17 Jan Are Millennials F*cked?
Latest posts by Grant Sabatier (see all)
- 5 Best Ways to Pay Off Your Loans Faster (in 2019) - December 2, 2018
- 7 Simple Ways to Reduce Your Student Loan Debt - November 28, 2018
- Why It’s Never Been Easier To Reach FI w/ Brandon @MadFientist - November 28, 2018
MM note: This is why personal finance education is so important. Many Millennials (myself included) just weren’t taught about money. We all together need to share good money habits and help reverse this trends. This is the primary reason we launched the Millennial Money Minutes podcast and distill down personal finance topics in 5 min or less.
A startling new report released last week compares us to the Boomers and highlights how far behind we really are from our Boomer parents. The report titled “Measuring Generational Declines between Baby Boomers & Millennials” was written by an advocacy group called the Young Invincibles and has some really stark statistics I had to share.
I get sent reports on Millennials all the time and most are super out of touch or just really boring. Not this one. This is the most mind-blowing report on Millennials and Money research I’ve seen yet. I didn’t realize it had gotten this bad.

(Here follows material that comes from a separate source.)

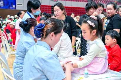南平市建阳区举办的“托育服务宣传月”启动仪式上的婴幼儿义诊活动现场
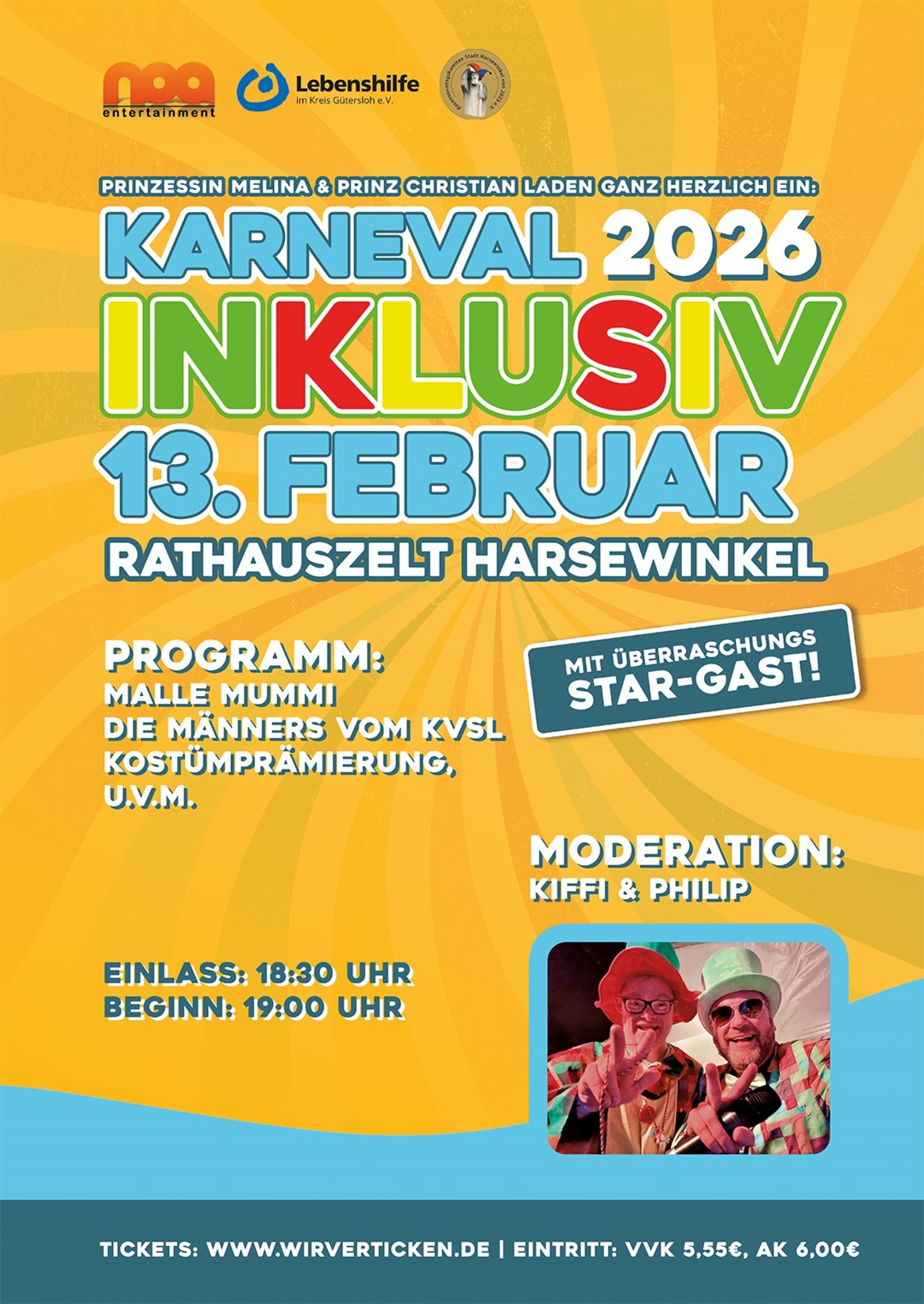 Am 13. Februar 2026 wird Harsewinkel wieder bunt, laut und vor allem inklusiv. Prinzessin Melina und Prinz Christian laden zum großen Karneval Inklusiv ins Rathauszelt ein – mit Musik, Kostümen, guter Stimmung und vielen Überraschungen.

One key point, this new report is based off of 2013 data, so I hope that the picture has improved at least slightly since then.
Let’s look at some of the findings:
Five Reasons Millennials Might be F*cked
1. Millennial net worth’s are half as much as Boomers when they were the same age
Look at how long it’s taking our parents to retire. Many of them are in their 60’s and still working because they can’t retire. There are tons of reports out there that highlight how many Boomers will never be able to retire. What does that mean for Millennials? Will Millennials ever be able to retire?
“By some estimates, the 1 million young adults who experienced long-term unemployment during the recession will collectively miss out on $20 billion in earnings over the next decade, equaling $22,000 per person” the report stated.
This fact hits really close to home. Before I launched my first company, I was laid off from my first job during the recession. I had many friends who were in a similar position and many of them haven’t even started saving even though they are now in their late 20s or early 30s.
2. Our average wages are 20% lower and we earn $10,000 less per year than our parents
The report found that the average Millennial earns $40,581 and our Boomer parents earned $50,910 at the same age. So many Millennials are underemployed. There are many studies that use your early career wages as a predictor of future income potential. It’s also estimated that your starting job salary can impact your potential future earnings by over $500,000. This means that many of us are starting behind our parents and many Millennials might never catch up.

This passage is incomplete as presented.